We employ people and contribute to local regional and national economies, so really, we're good guys.

Only sociopaths in suits try to prevent people from making things free as in both cost and freedom. Blame the economy for working as designed. but the problem at an individual level is solved.ĭon't blame Google.
Pwsafe vs keeweb password#
So why should anybody pay for a password manager when this is a solved problem? Sure, the algorithm might want tweaking one day.
Pwsafe vs keeweb for free#
pwdhash clients have been implemented for just about every platform, for free and are easy to install and use. Even if your computer breaks, you're peachy as long as you don't forget that one password. It has permanently resolved the problem of needing to remember different passwords for every service one uses, you just memorise one master password and that's it. Some clever folks at Stanford invented a solution 15 years ago (called pwdhash) which is super effective, free and doesn't require any passwords to be stored electronically in the first place.It doesn't need any regular maintenance and the algorithm can on a toaster these days.

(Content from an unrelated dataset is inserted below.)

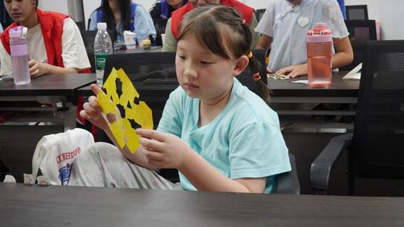 成员们现场展示的作品都是适合小朋友上手的简单款式。只见老师把纸对折几下,画出简单的线条,咔嚓咔嚓剪完展开,一朵对称的小花就出现了,看得大家忍不住拍手。“原来立体剪纸的基础就是这样呀!”有小朋友恍然大悟。这些精致的作品被分发给小朋友时,每个人都笑得特别甜,举着自己的“战利品”拍合照,画面温馨得像一幅暖暖的画。

Personal password management is one such example. Sometimes, breakthroughs mean that entire classes of product go from expensive to essentially free overnight. Trade is but one vehicle for lowering costs toward the goal of making a given class of product free. The whole point of an economy is to economise, as in, to reduce overall cost over time until the product/service is free. (And theirs are typically neither strong nor unique, but I'm not fighting that battle.) So please enlighten me how I'm supposed to manage all those passwords without a password manager? I even have some saved passwords belonging to friends and family, given to me in my unpaid support role, which I keep against the day their password system stops working for them, and I'm asked to help with *that*. My password manager has over 500 passwords, all strong and all unique. "but not literate enough to know password managers are a bad idea" I actually have three different password managers on my mobile: the paid one I use, and two cloudy ones I evaluated for other people. I paid for it, but there's no way I will ever pay a subscription for software. "you have to be IT literate enough to not trust Google to store your passwords in chrome and CC details in pay,"Īs mentioned by another, my password manager uses local storage only.